The author is one of a small number of professional writers who is 
also a professional photographer. Many professional writers also take 
photographs but depend mainly of the work of others to illustrate 
their books. Many professional photographers also write from time to 
time, most commonly for recreation. Combining the two disciplines is 
rare but it introduces a number of advantages. One very practical 
advantage is that the author is able to plan and execute a series of 
photo-shoots and then select the photographs that the author considers 
appropriate to the content without having to worry about how much some 
copyright holders will demand for reproduction of images from their 
photo libraries. That allows the image content to match the work 
rather than having to be squeezed through a photo budget from the 
publisher that can be soaked up in a handful of images.

The author began with an article published by Motorboat and Yachting. 
At the time he was studying for a Yacht-master Ocean qualification and 
crewing on the restored MTB 102 as a volunteer at a time when the 
vessel was operated by the Scouts as a sea experience service for 
youth groups. The MBY editor particularly liked the combination of 
well-written text with a generous selection of outstanding photographs, 
all produced by the author. Other magazine editors also liked the 
combination and commissioned articles on a range of vessels, commercial, 
naval and leisure. Expanding to writing books was a natural progression, 
although in writing naval heritage books this required images from many 
sources, including some photographs by the author.

Richard's first book was 'Britain's Greatest Warship, HMS Ark Royal (IV)' 
which included many first hand accounts by former officers and crew and 
they were to provide many unique photographs from their personal 
collections, most never having been published before. The next book was 
'HMY Britannia, The Official History' which followed a similar format, 
with first hand accounts by Members of the Royal Family and former 
Royal Yachtsmen. The images included a set by Richard, taken in Leith, 
of HMY Britannia as she is now preserved, and a wonderful selection of 
unique images from Members of the Royal Family and Royal Yachtsmen that 
included again many photographs that were rare and not previously 
published.

The Seaforth Historic Ships series was a natural place for Richard to 
craft beautifully illustrated reviews of preserved historic vessels. 
His first book for Seaforth reviewed HMS Belfast, maintained as a 
floating museum in London by the Imperial War Museum. This latest book 
looks at HMS Cavalier and begins with an account of the first four 
Commissions, followed by the Initial Preservation, the move to the 
historic Chatham Dockyard, and her new life as The National Destroyer 
Memorial. In these opening chapters, the image count is lower and the 
images come from other sources. The book then opens into a set of 
chapters that feature photographs by the author and lead the reader 
through the departments of the ship in a logical manner. These 
photographs are outstanding and have been reproduced with care and 
quality by the publishers. In all, this book contains a huge amount of 
information and will let the ship live for those who cannot make the 
pilgrimage to Chatham Dockyard. For those who do journey to Chatham, 
the book is an excellent primer ahead of their visit.

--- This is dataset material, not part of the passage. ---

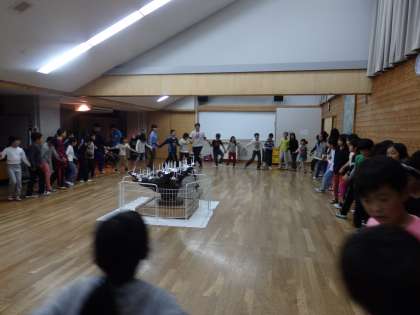 子どもたちに引き寄せられ,引率の教職員も一緒にマイムマイムをおどりました。

Chatham also has interesting connections for the author. The Dockyard 
Church has the 'Gunner's Window', just inside the entrance to the left. 
This stained glass window was commissioned to commemorate the funeral 
of King George VI. The officer marching alongside the gun carriage to 
port is the author's grandfather. Marching alongside to starboard is 
Cmdr Pollock who reached the rank of Admiral of the Fleet Sir Michael 
Pollock GCB LVO DSC. Sir Michael was to write the Foreword to 
Richard's 'Ark Royal IV' book and was host at the Fleet Air Arm  
Museum where the book was launched. Few launches are as impressive 
because it effectively became a reunion for former Ark sailors (Sir 
Michael having been one of her Captains). Amongst the ex-Ark crew 
were officers who had invented some of the innovative devices, 
including the angled flight deck and mirror landing system. Although, 
the launch of the 'HMY Britannia' book at St James Palace, with HRH 
the Duke of Edinburgh as host, was equally impressive.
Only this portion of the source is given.